### EXERCISE
The required answer is an exact copy of every line from the beginning of the entries through the line with "Impulsión de líquidos (Figura", with all pictures omitted.
-------- MATERIALS PROVIDED
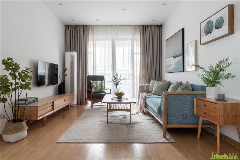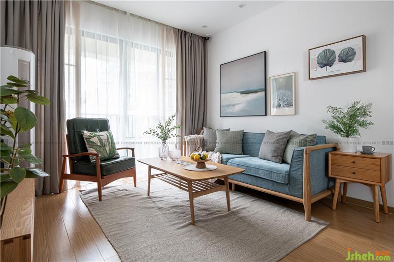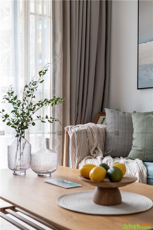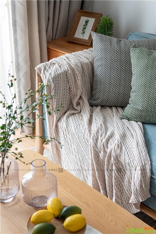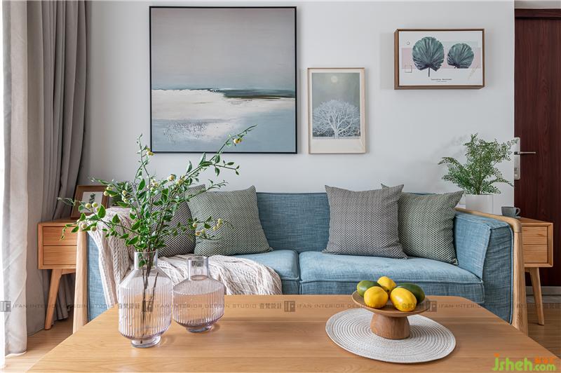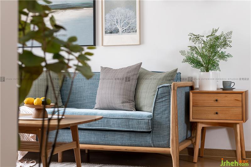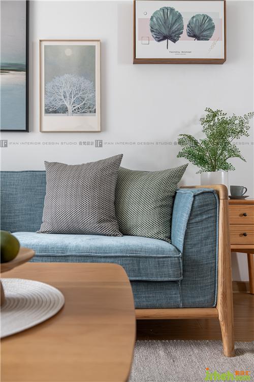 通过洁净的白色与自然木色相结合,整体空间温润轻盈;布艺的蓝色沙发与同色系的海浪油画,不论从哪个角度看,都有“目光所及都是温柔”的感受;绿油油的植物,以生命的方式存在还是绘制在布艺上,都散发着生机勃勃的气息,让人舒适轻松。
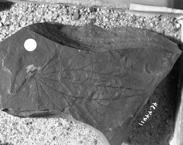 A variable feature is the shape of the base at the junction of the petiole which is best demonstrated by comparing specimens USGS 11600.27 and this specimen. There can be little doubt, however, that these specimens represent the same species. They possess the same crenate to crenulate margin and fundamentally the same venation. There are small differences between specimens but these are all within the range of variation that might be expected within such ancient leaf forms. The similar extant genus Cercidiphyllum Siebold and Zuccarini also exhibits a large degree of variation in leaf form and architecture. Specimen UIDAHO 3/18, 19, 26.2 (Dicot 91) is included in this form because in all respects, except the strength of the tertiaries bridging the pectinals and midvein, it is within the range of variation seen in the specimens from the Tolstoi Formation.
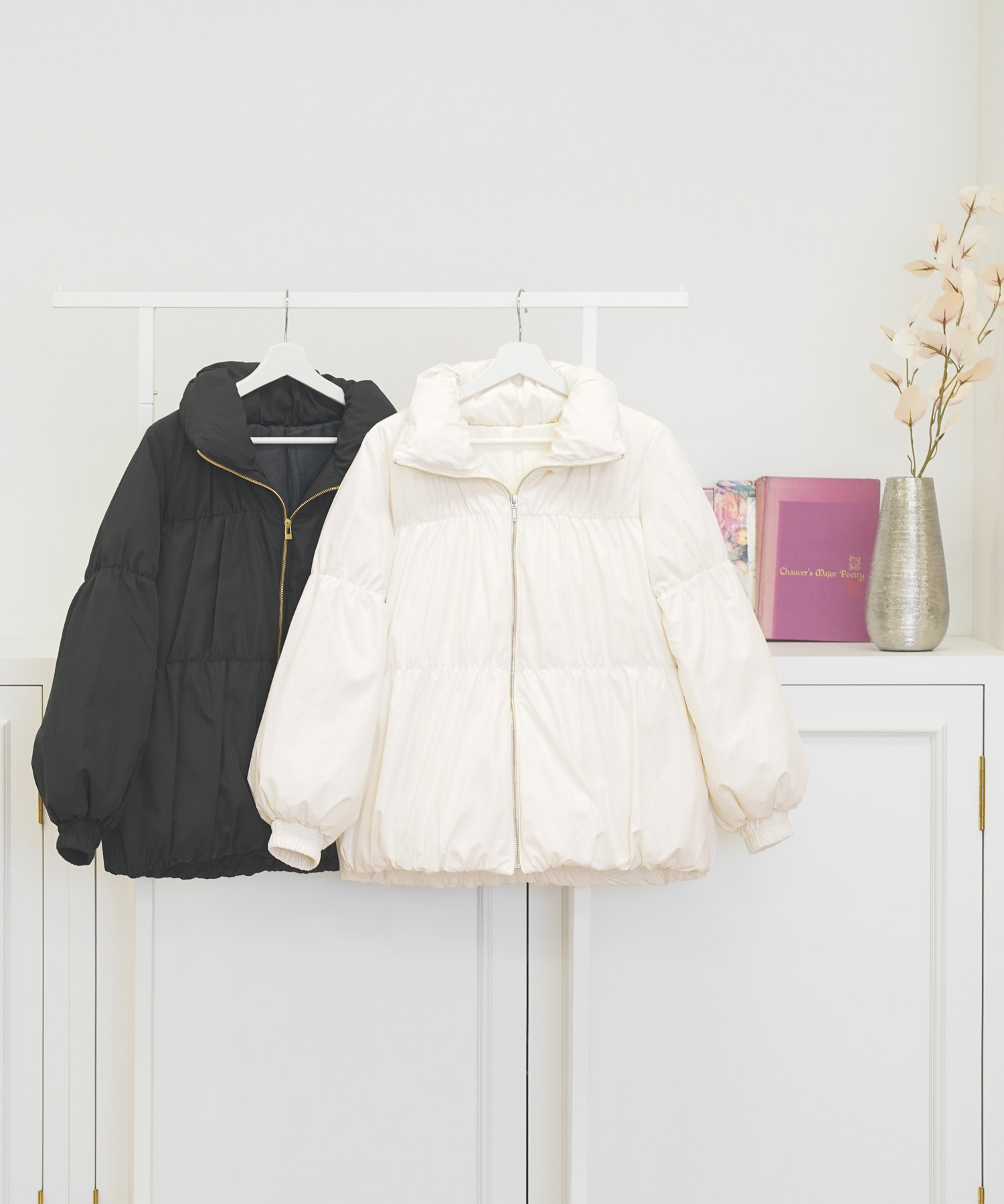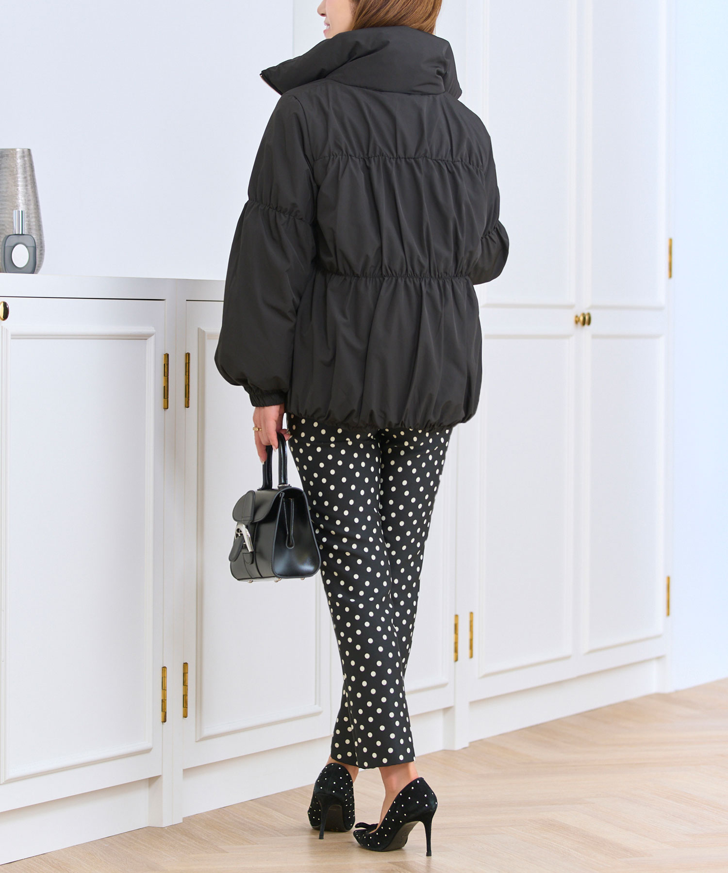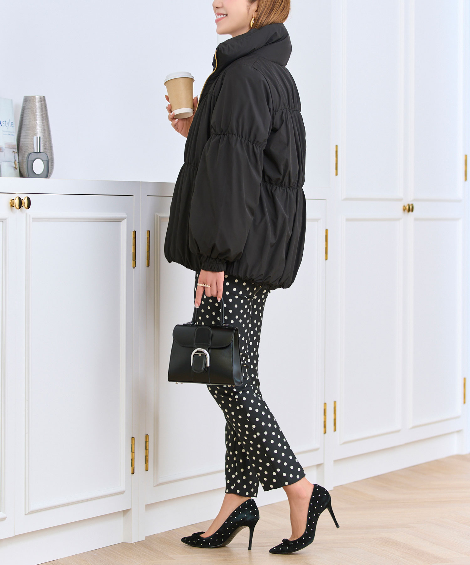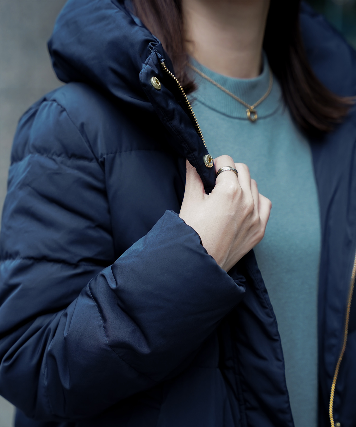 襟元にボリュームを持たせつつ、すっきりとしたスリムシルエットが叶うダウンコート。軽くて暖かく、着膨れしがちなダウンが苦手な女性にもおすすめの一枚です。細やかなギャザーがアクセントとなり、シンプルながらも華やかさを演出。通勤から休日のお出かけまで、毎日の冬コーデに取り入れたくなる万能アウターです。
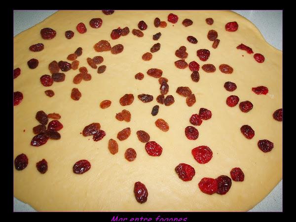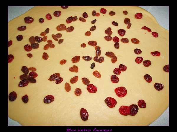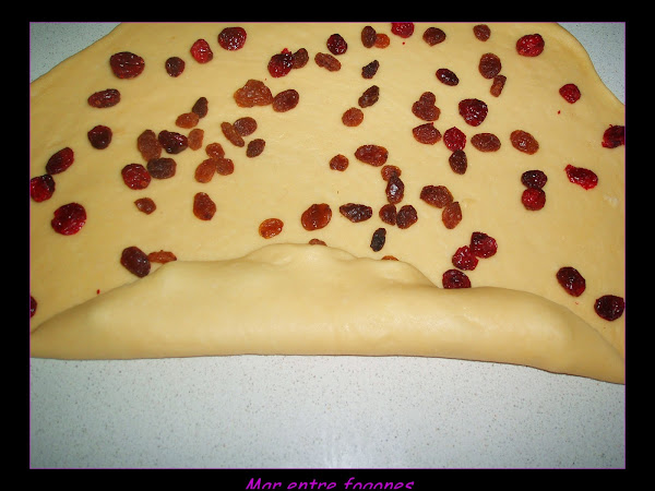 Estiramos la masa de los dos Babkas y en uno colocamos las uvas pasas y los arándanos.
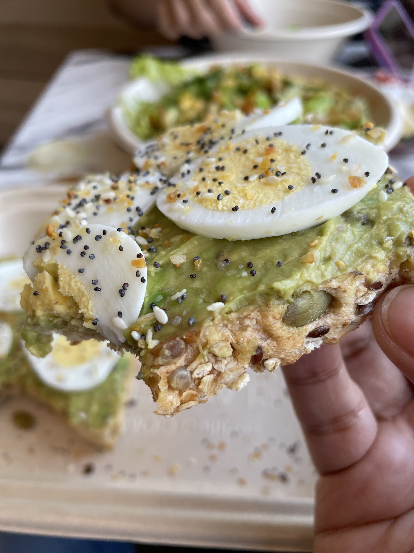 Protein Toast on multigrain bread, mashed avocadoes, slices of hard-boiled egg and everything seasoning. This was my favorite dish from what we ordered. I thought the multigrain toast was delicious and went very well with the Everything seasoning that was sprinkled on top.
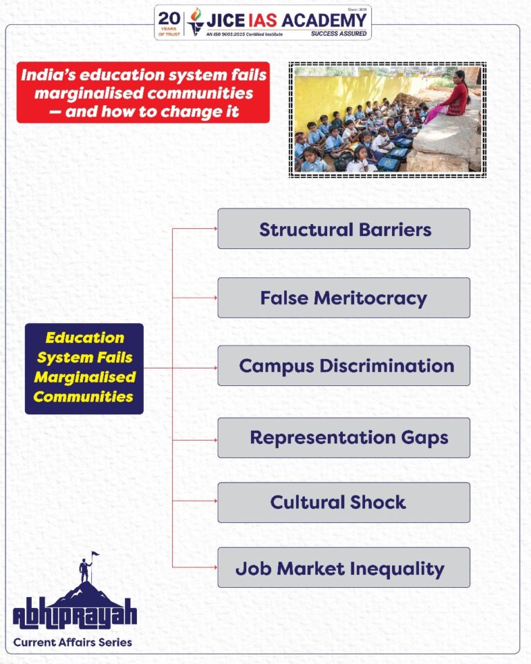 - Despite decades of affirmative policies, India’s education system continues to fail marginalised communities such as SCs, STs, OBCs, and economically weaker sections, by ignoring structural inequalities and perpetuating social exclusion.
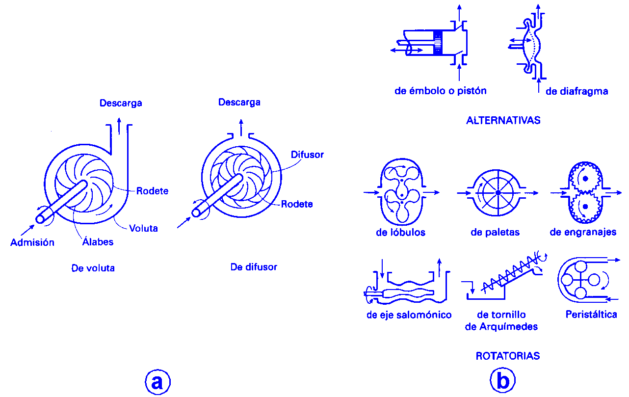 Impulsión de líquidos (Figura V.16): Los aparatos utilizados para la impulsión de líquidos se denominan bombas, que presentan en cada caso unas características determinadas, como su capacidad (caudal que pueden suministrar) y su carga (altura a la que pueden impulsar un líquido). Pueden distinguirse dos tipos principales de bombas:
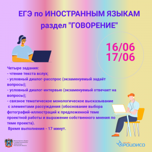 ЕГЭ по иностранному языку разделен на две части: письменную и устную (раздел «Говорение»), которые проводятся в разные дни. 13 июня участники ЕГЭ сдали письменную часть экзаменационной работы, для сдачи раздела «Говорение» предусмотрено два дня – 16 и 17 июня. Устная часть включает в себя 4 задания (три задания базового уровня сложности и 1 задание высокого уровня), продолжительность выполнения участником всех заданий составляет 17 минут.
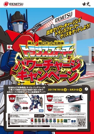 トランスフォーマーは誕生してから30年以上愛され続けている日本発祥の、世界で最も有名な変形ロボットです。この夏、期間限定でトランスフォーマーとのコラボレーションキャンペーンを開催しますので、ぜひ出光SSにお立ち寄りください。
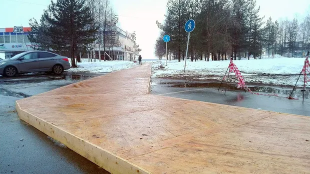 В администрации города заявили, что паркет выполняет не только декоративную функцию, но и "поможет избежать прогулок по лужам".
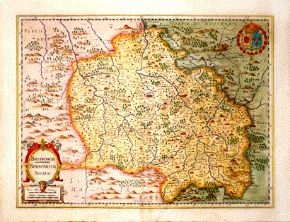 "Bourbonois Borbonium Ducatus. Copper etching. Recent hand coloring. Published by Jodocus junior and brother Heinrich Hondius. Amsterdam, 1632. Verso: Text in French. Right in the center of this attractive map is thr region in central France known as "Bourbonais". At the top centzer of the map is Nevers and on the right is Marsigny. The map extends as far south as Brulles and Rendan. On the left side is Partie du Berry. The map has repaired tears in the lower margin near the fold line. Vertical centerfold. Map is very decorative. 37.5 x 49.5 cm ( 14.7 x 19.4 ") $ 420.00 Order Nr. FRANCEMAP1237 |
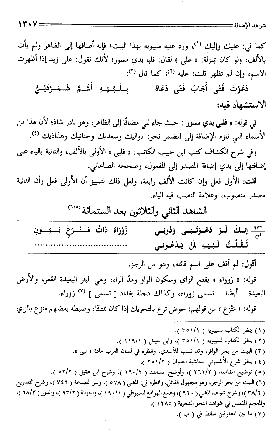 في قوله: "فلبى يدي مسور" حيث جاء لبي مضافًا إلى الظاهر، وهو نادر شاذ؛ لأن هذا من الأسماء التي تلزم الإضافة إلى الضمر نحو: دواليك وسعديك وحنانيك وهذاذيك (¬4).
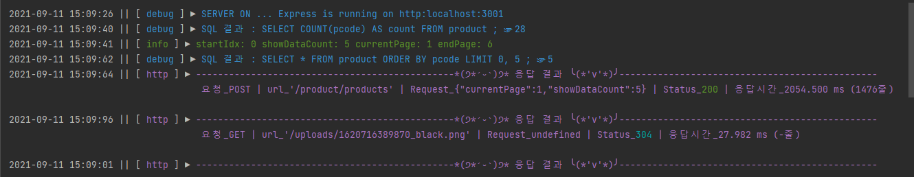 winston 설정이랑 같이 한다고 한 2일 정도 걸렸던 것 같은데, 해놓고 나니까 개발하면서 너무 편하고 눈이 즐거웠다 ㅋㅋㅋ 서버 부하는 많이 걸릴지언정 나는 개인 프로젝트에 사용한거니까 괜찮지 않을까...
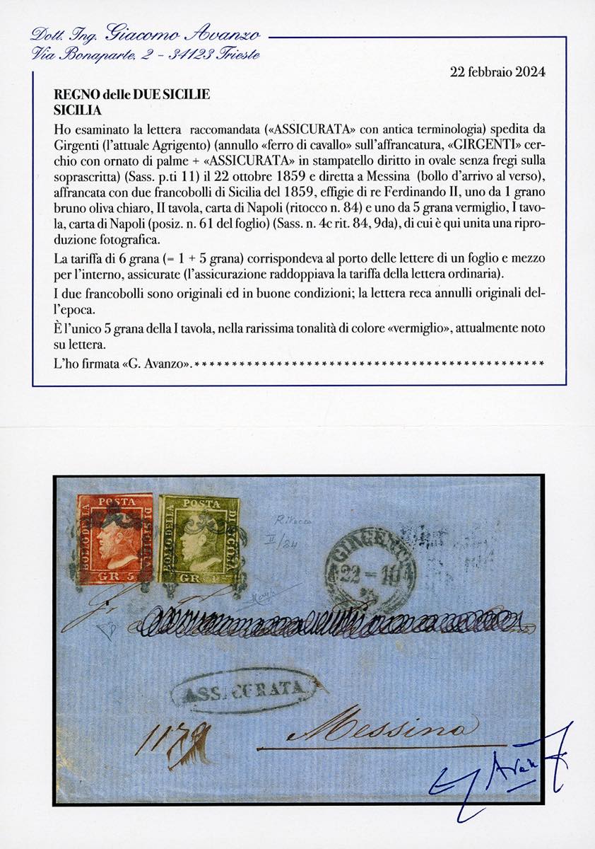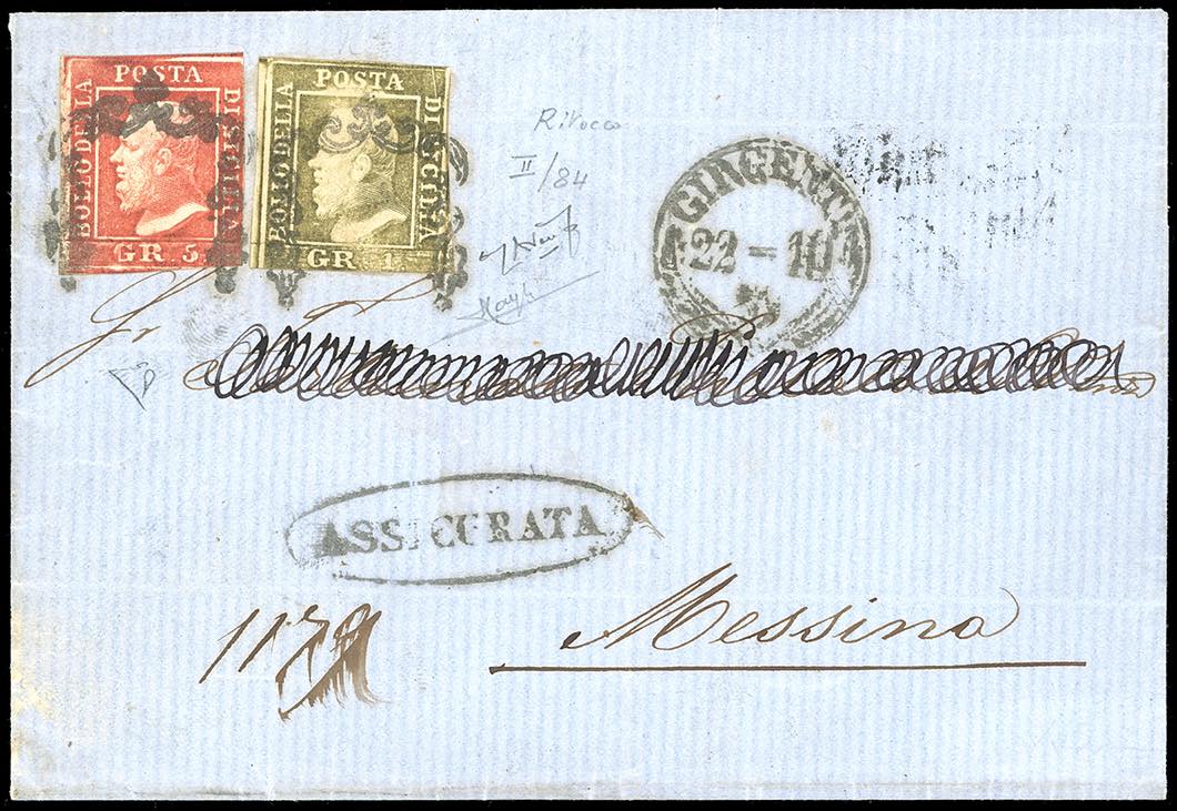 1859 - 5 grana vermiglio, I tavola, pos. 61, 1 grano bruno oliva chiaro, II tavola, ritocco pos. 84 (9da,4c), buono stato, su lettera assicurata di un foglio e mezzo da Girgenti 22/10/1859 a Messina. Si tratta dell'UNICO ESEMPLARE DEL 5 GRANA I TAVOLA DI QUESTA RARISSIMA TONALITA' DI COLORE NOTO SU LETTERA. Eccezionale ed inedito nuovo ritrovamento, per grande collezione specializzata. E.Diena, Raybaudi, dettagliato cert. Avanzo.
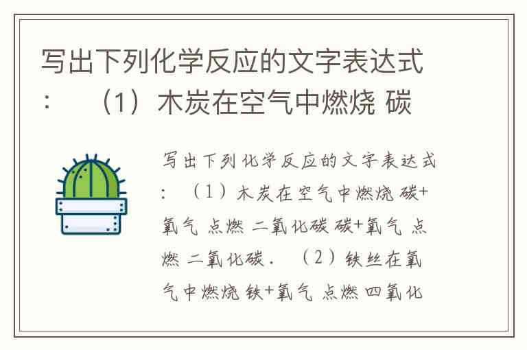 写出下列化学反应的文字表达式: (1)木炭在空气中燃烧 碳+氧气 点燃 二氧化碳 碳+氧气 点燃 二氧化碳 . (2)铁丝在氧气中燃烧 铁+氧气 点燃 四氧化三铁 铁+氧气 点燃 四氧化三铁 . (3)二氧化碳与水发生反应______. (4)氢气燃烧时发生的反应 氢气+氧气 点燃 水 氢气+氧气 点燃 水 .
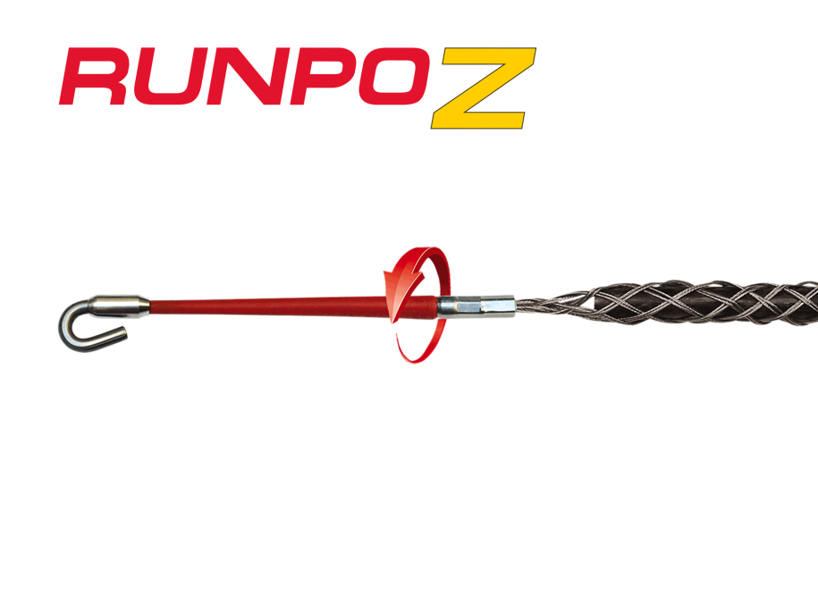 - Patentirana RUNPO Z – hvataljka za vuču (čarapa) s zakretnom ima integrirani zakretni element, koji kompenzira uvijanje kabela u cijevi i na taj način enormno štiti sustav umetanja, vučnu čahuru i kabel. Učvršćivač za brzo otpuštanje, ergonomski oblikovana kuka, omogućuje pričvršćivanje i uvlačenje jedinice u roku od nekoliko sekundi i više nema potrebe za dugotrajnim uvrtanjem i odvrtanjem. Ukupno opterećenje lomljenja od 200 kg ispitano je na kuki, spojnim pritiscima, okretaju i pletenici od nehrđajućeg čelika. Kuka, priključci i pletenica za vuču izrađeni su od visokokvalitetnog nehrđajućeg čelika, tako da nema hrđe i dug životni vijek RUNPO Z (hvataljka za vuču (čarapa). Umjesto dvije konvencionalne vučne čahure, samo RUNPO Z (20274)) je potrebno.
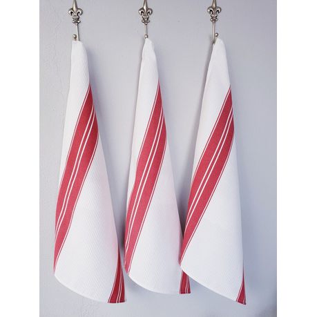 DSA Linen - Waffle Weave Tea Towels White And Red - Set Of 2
----------------
### SOLVED PROBLEM
 通过洁净的白色与自然木色相结合,整体空间温润轻盈;布艺的蓝色沙发与同色系的海浪油画,不论从哪个角度看,都有“目光所及都是温柔”的感受;绿油油的植物,以生命的方式存在还是绘制在布艺上,都散发着生机勃勃的气息,让人舒适轻松。
 A variable feature is the shape of the base at the junction of the petiole which is best demonstrated by comparing specimens USGS 11600.27 and this specimen. There can be little doubt, however, that these specimens represent the same species. They possess the same crenate to crenulate margin and fundamentally the same venation. There are small differences between specimens but these are all within the range of variation that might be expected within such ancient leaf forms. The similar extant genus Cercidiphyllum Siebold and Zuccarini also exhibits a large degree of variation in leaf form and architecture. Specimen UIDAHO 3/18, 19, 26.2 (Dicot 91) is included in this form because in all respects, except the strength of the tertiaries bridging the pectinals and midvein, it is within the range of variation seen in the specimens from the Tolstoi Formation.
 襟元にボリュームを持たせつつ、すっきりとしたスリムシルエットが叶うダウンコート。軽くて暖かく、着膨れしがちなダウンが苦手な女性にもおすすめの一枚です。細やかなギャザーがアクセントとなり、シンプルながらも華やかさを演出。通勤から休日のお出かけまで、毎日の冬コーデに取り入れたくなる万能アウターです。
 Estiramos la masa de los dos Babkas y en uno colocamos las uvas pasas y los arándanos.
 Protein Toast on multigrain bread, mashed avocadoes, slices of hard-boiled egg and everything seasoning. This was my favorite dish from what we ordered. I thought the multigrain toast was delicious and went very well with the Everything seasoning that was sprinkled on top.
 - Despite decades of affirmative policies, India’s education system continues to fail marginalised communities such as SCs, STs, OBCs, and economically weaker sections, by ignoring structural inequalities and perpetuating social exclusion.
 Impulsión de líquidos (Figura V.16): Los aparatos utilizados para la impulsión de líquidos se denominan bombas, que presentan en cada caso unas características determinadas, como su capacidad (caudal que pueden suministrar) y su carga (altura a la que pueden impulsar un líquido). Pueden distinguirse dos tipos principales de bombas:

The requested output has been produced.